- _What is being asked_
Print the data below again in full, exactly as it stands, with no images.

- _Dataset section_
- - - -

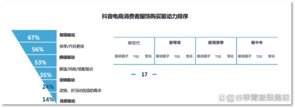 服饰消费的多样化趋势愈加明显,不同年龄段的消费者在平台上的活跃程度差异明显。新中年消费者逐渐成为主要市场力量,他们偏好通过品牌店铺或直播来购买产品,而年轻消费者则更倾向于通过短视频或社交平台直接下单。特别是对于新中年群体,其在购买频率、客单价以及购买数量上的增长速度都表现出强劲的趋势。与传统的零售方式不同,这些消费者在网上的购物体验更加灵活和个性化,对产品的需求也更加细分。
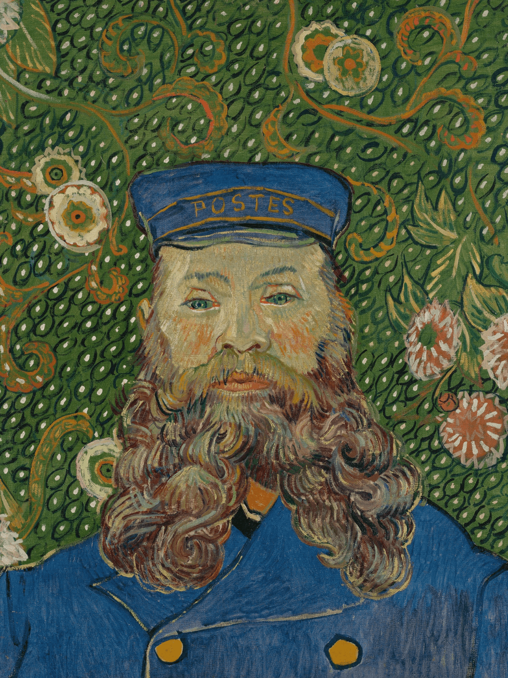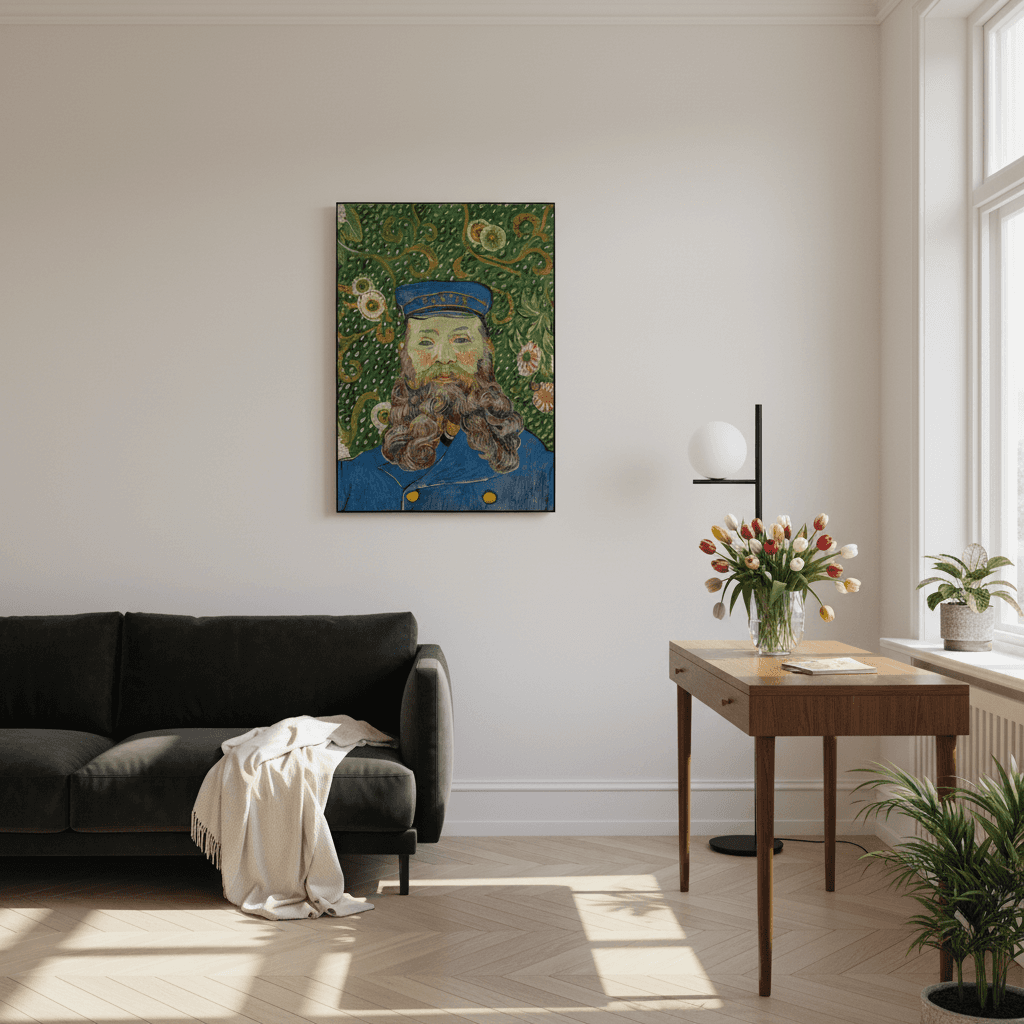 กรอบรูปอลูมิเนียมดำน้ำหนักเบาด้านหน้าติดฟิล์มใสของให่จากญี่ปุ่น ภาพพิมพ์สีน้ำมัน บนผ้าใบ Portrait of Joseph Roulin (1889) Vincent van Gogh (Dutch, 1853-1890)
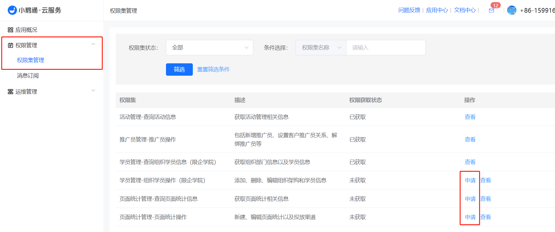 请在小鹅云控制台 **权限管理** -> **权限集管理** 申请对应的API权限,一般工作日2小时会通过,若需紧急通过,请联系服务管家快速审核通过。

- - - -

- _Solved exercise_
 服饰消费的多样化趋势愈加明显,不同年龄段的消费者在平台上的活跃程度差异明显。新中年消费者逐渐成为主要市场力量,他们偏好通过品牌店铺或直播来购买产品,而年轻消费者则更倾向于通过短视频或社交平台直接下单。特别是对于新中年群体,其在购买频率、客单价以及购买数量上的增长速度都表现出强劲的趋势。与传统的零售方式不同,这些消费者在网上的购物体验更加灵活和个性化,对产品的需求也更加细分。
 กรอบรูปอลูมิเนียมดำน้ำหนักเบาด้านหน้าติดฟิล์มใสของให่จากญี่ปุ่น ภาพพิมพ์สีน้ำมัน บนผ้าใบ Portrait of Joseph Roulin (1889) Vincent van Gogh (Dutch, 1853-1890)
 请在小鹅云控制台 **权限管理** -> **权限集管理** 申请对应的API权限,一般工作日2小时会通过,若需紧急通过,请联系服务管家快速审核通过。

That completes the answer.